** MATERIAL FOR THIS TASK follows **

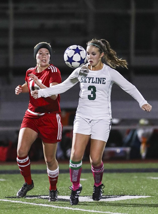 The Spartans scored five-first half goals en route to a convincing 8-0 victory against the Newport Knights in a Class 4A KingCo matchup on Oct. 20 at Skyline High School in Sammamish. The Spartans improved their overall record to 11-0-3 with the win. Newport dropped to 2-12-1 overall. The Spartans are currently in first place in the Class 4A KingCo Division. The Spartans quartet of seniors consisting of Candace Hunter, Alexa Kirton, Olivia Bowen and Cameron Tingey made their presences felt in the home finale. Hunter scored a game-high three goals, Tingey added two goals in the first half, Bowen had two assists and Kirton finished with two assists and recorded the final goal of the night in the 72nd minute of play. Junior Ava Giovanola, who takes the bulk of Skyline’s corner-kicks, had two assists as well. Skyline head coach Don Braman was thrilled to see the Spartans seniors dominate the action against Newport.
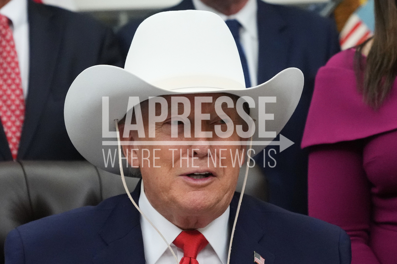 President Donald Trump tries on a cowboy hat, a gift from members of the 1980 U.S. Men's Olympic Hockey team, during a bill signing ceremony Friday, Dec. 12, 2025, in the Oval Office of the White House, in Washington. (AP Photo/Jacquelyn Martin) Associate Press/ LaPresse Only Italy and Spain
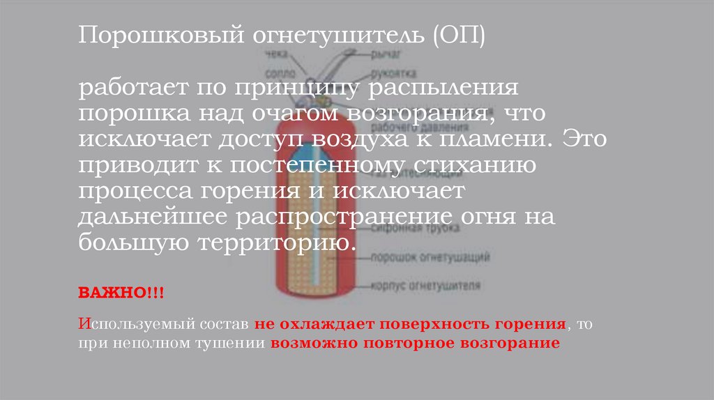 Порошковый огнетушитель (ОП)работает по принципу распыления
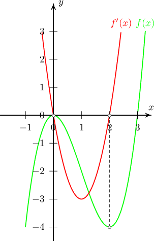 Бодолт: $f^\prime(x)=3x^2-6x$ тул
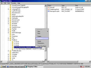 Cuando aparece la siguiente ventana ubicar la clave de registro 'HKEY_LOCAL_MACHINE\SOFTWARE\Microsoft\WindowsNT\CurrentVersion\ProfileLift.
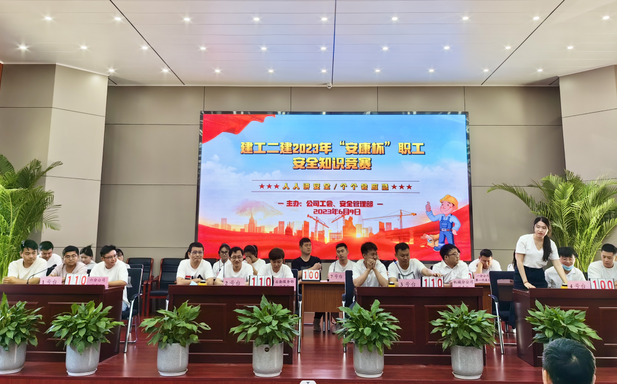 今年六月是第22個(gè)全國(guó)“安全生產(chǎn)月”,主題為“人人講安全,個(gè)個(gè)會(huì)應(yīng)急”。6月9日上午,公司工會(huì)牽頭,與安全管理部聯(lián)合舉辦了建工二建2023年“安康杯”職工安全生產(chǎn)知識(shí)競(jìng)賽活動(dòng)。安全知識(shí)競(jìng)賽的開(kāi)展,旨在通過(guò)以賽促學(xué)、以學(xué)促用,大力弘揚(yáng)“生命至上、安全為天”的安全理念,加強(qiáng)安全知識(shí)宣傳教育,切實(shí)增強(qiáng)廣大職工安全生產(chǎn)意識(shí)和安全管理知識(shí)水平。公司黨委副書(shū)記、工會(huì)主席王軍,副總經(jīng)理代鵬飛出席活動(dòng)。
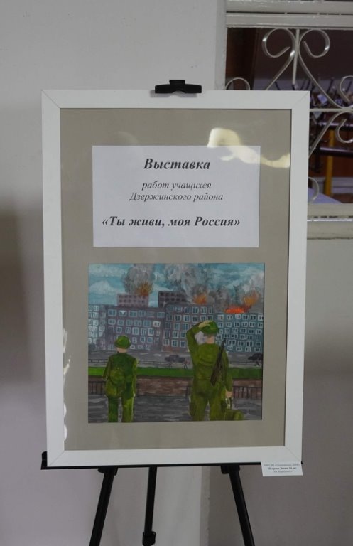 В фойе районного Дома культуры была оформлена выставка работ учащихся Дзержинского района "Ты живи, моя Россия"
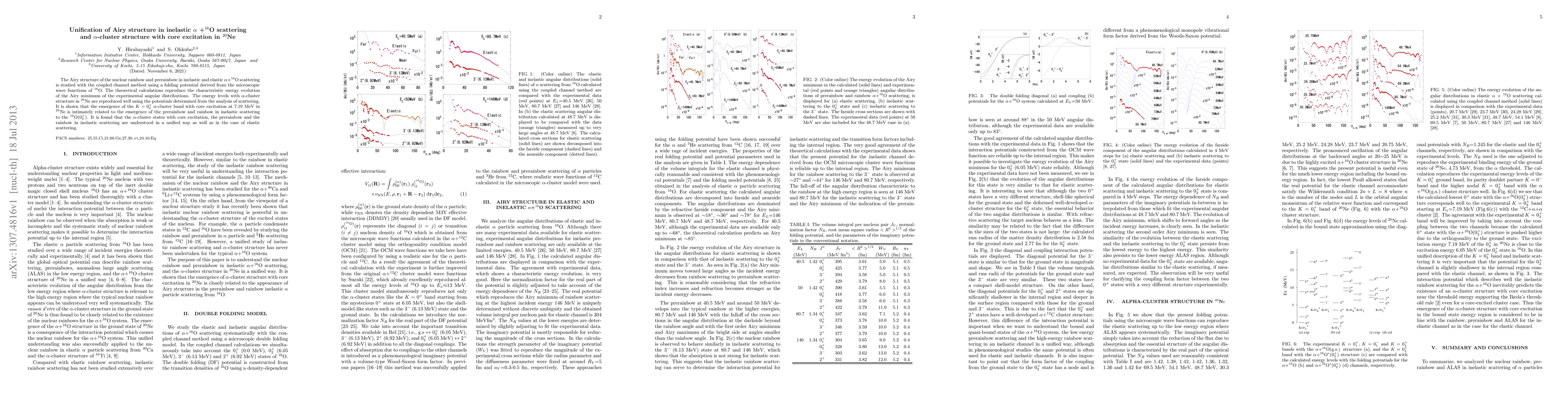 The paper presents a novel approach to unifying the description of $\alpha$-cluster structures with core excitation and nuclear rainbow/prerainbow phenomena in both elastic and inelastic scattering using a folding potential derived from microscopic wave functions.
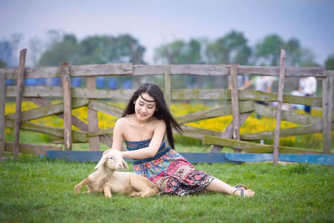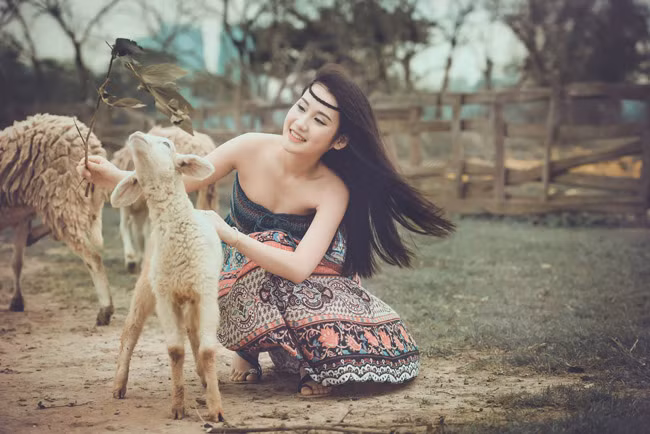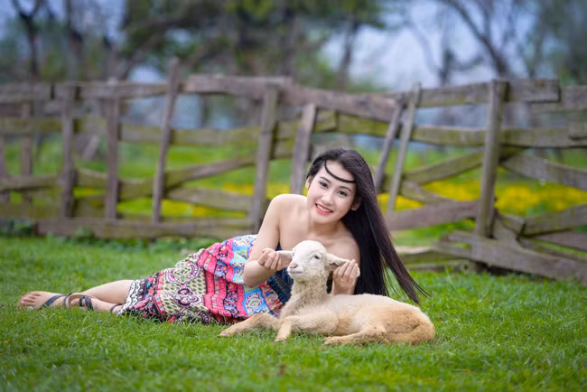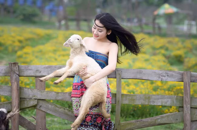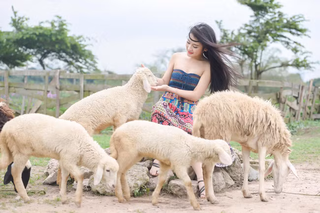 Theo Anh Phương, để có được những shoot hình đẹp bên cừu trắng, không cần tạo dáng quá cầu kỳ, chỉ cần vui chơi với chúng.

** End of MATERIAL FOR THIS TASK **

__HOW TO COMPLETE THIS TASK__: Could you restate the entries word for word, skipping any pictures?

__RESULT__:
 The Spartans scored five-first half goals en route to a convincing 8-0 victory against the Newport Knights in a Class 4A KingCo matchup on Oct. 20 at Skyline High School in Sammamish. The Spartans improved their overall record to 11-0-3 with the win. Newport dropped to 2-12-1 overall. The Spartans are currently in first place in the Class 4A KingCo Division. The Spartans quartet of seniors consisting of Candace Hunter, Alexa Kirton, Olivia Bowen and Cameron Tingey made their presences felt in the home finale. Hunter scored a game-high three goals, Tingey added two goals in the first half, Bowen had two assists and Kirton finished with two assists and recorded the final goal of the night in the 72nd minute of play. Junior Ava Giovanola, who takes the bulk of Skyline’s corner-kicks, had two assists as well. Skyline head coach Don Braman was thrilled to see the Spartans seniors dominate the action against Newport.
 President Donald Trump tries on a cowboy hat, a gift from members of the 1980 U.S. Men's Olympic Hockey team, during a bill signing ceremony Friday, Dec. 12, 2025, in the Oval Office of the White House, in Washington. (AP Photo/Jacquelyn Martin) Associate Press/ LaPresse Only Italy and Spain
 Порошковый огнетушитель (ОП)работает по принципу распыления
 Бодолт: $f^\prime(x)=3x^2-6x$ тул
 Cuando aparece la siguiente ventana ubicar la clave de registro 'HKEY_LOCAL_MACHINE\SOFTWARE\Microsoft\WindowsNT\CurrentVersion\ProfileLift.
 今年六月是第22個(gè)全國(guó)“安全生產(chǎn)月”,主題為“人人講安全,個(gè)個(gè)會(huì)應(yīng)急”。6月9日上午,公司工會(huì)牽頭,與安全管理部聯(lián)合舉辦了建工二建2023年“安康杯”職工安全生產(chǎn)知識(shí)競(jìng)賽活動(dòng)。安全知識(shí)競(jìng)賽的開(kāi)展,旨在通過(guò)以賽促學(xué)、以學(xué)促用,大力弘揚(yáng)“生命至上、安全為天”的安全理念,加強(qiáng)安全知識(shí)宣傳教育,切實(shí)增強(qiáng)廣大職工安全生產(chǎn)意識(shí)和安全管理知識(shí)水平。公司黨委副書(shū)記、工會(huì)主席王軍,副總經(jīng)理代鵬飛出席活動(dòng)。
 В фойе районного Дома культуры была оформлена выставка работ учащихся Дзержинского района "Ты живи, моя Россия"
 The paper presents a novel approach to unifying the description of $\alpha$-cluster structures with core excitation and nuclear rainbow/prerainbow phenomena in both elastic and inelastic scattering using a folding potential derived from microscopic wave functions.
 Theo Anh Phương, để có được những shoot hình đẹp bên cừu trắng, không cần tạo dáng quá cầu kỳ, chỉ cần vui chơi với chúng.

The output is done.